▶ **Provided data**:
· · · ·

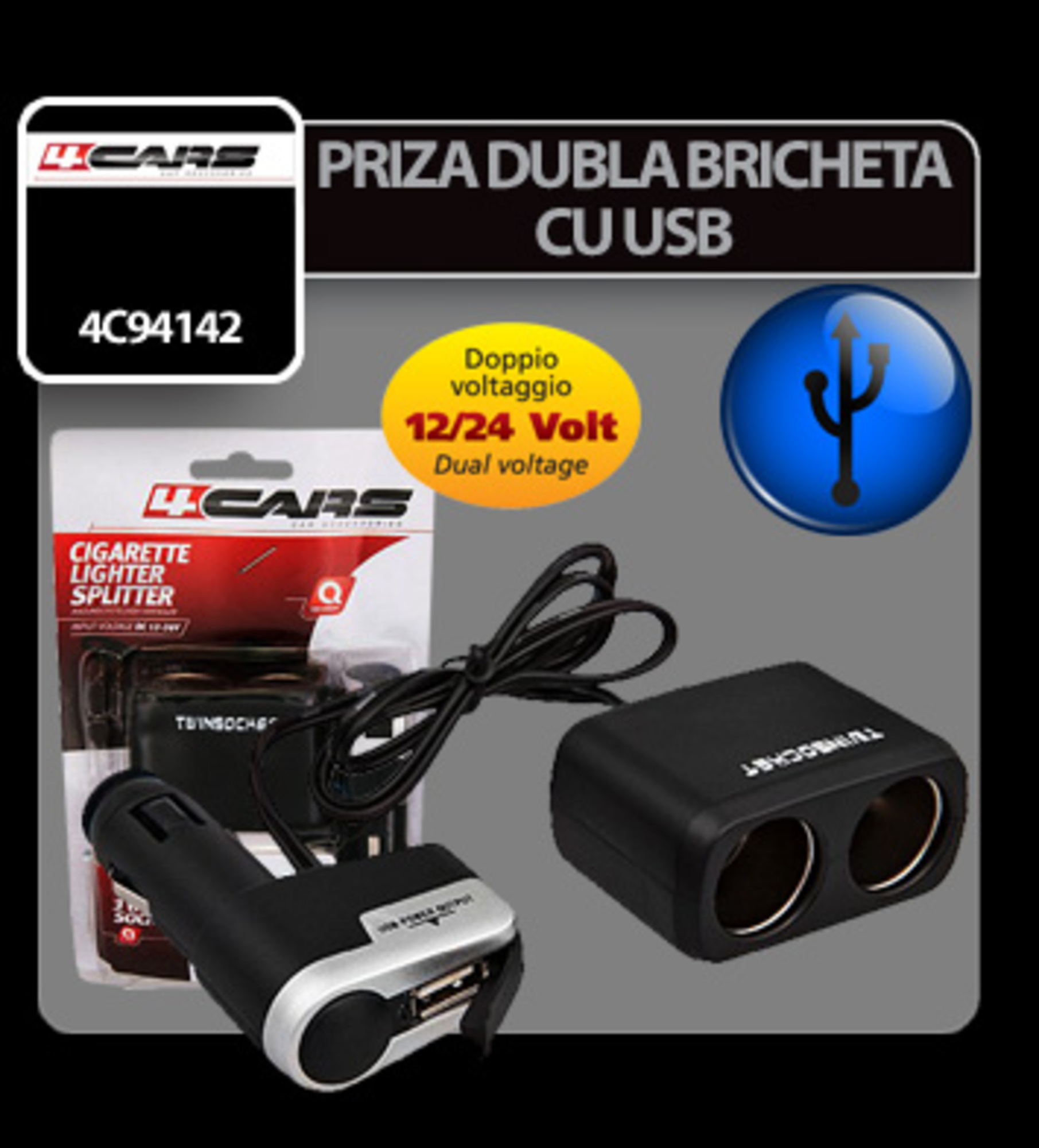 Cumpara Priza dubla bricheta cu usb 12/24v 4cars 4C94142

· · · ·

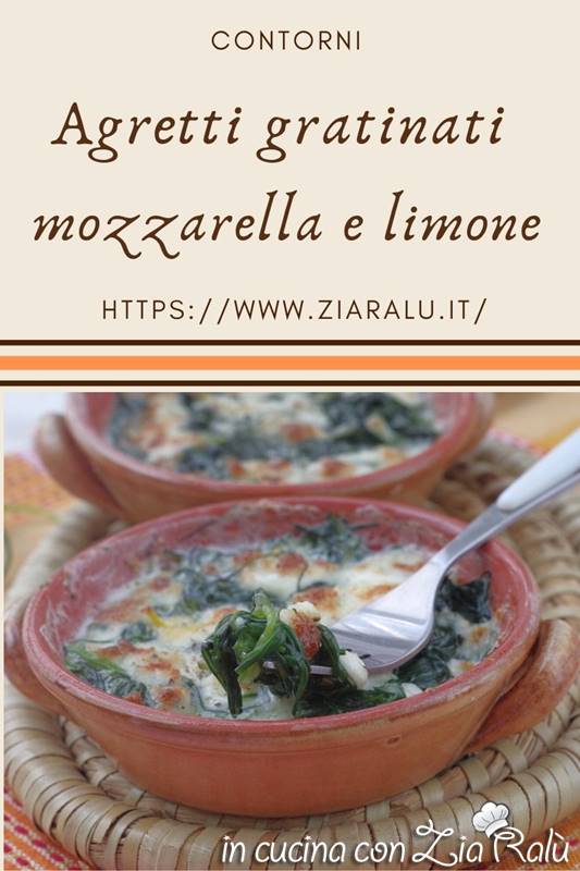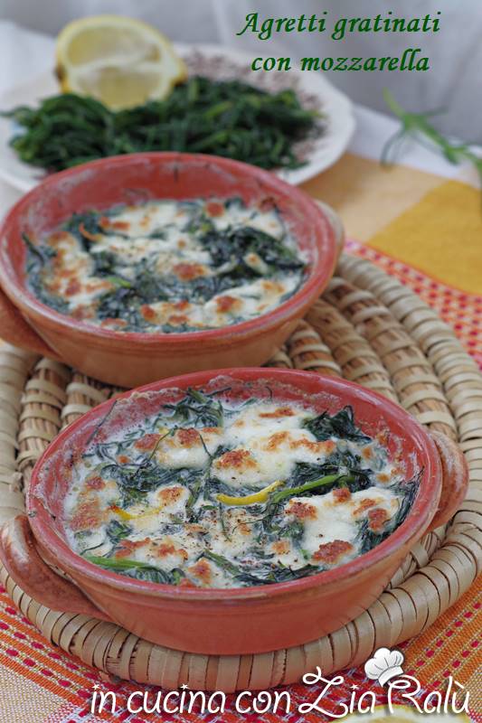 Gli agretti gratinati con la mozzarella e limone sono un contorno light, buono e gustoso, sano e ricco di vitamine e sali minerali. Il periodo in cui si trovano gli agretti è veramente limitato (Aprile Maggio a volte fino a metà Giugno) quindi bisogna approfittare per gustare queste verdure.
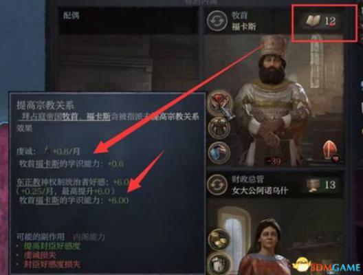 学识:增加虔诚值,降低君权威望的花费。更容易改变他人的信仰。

· · · ·

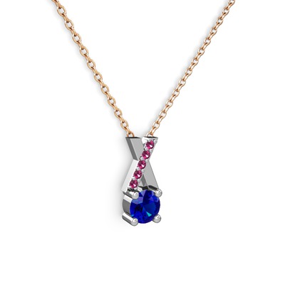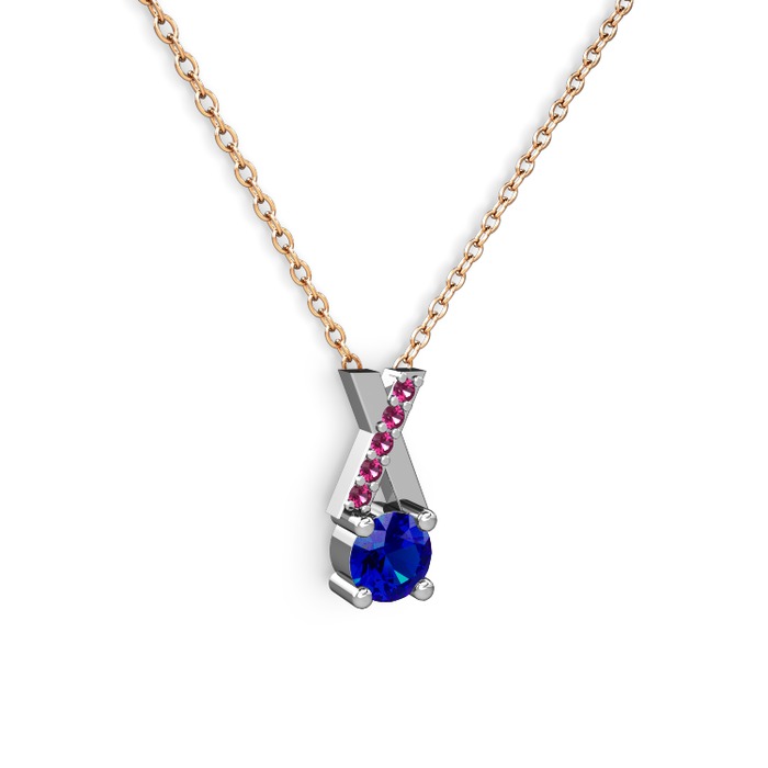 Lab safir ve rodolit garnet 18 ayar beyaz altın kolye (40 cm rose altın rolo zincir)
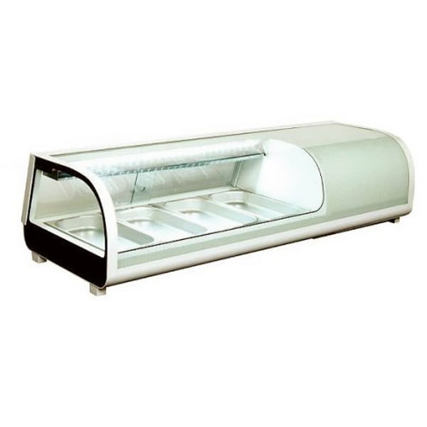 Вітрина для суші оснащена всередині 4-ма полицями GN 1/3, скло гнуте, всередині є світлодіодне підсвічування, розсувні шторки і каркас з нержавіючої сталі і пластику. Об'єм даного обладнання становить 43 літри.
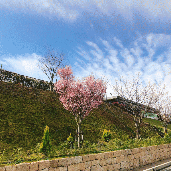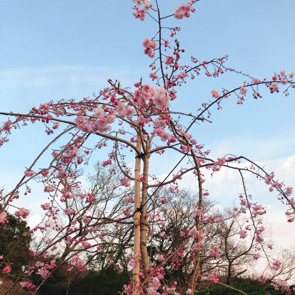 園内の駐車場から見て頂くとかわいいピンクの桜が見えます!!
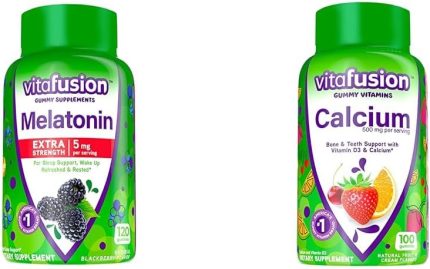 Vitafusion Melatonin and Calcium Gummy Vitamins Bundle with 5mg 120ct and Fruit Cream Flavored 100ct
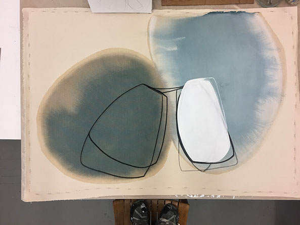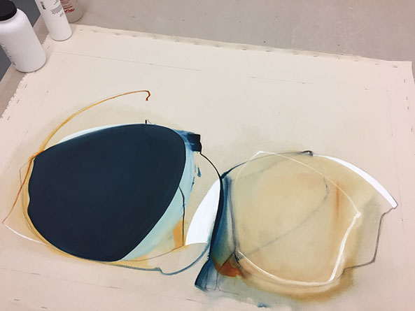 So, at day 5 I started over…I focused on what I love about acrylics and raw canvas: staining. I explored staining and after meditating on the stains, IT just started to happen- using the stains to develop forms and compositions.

· · · ·

▶ **Task instructions**: Everything above from the line that has "Lab safir ve" down to the line that has "So, at day 5" should be output exactly, with both of those lines included. Leave the pictures behind.

▶ **Written solution**:
 Lab safir ve rodolit garnet 18 ayar beyaz altın kolye (40 cm rose altın rolo zincir)
 Вітрина для суші оснащена всередині 4-ма полицями GN 1/3, скло гнуте, всередині є світлодіодне підсвічування, розсувні шторки і каркас з нержавіючої сталі і пластику. Об'єм даного обладнання становить 43 літри.
 園内の駐車場から見て頂くとかわいいピンクの桜が見えます!!
 Vitafusion Melatonin and Calcium Gummy Vitamins Bundle with 5mg 120ct and Fruit Cream Flavored 100ct
 So, at day 5 I started over…I focused on what I love about acrylics and raw canvas: staining. I explored staining and after meditating on the stains, IT just started to happen- using the stains to develop forms and compositions.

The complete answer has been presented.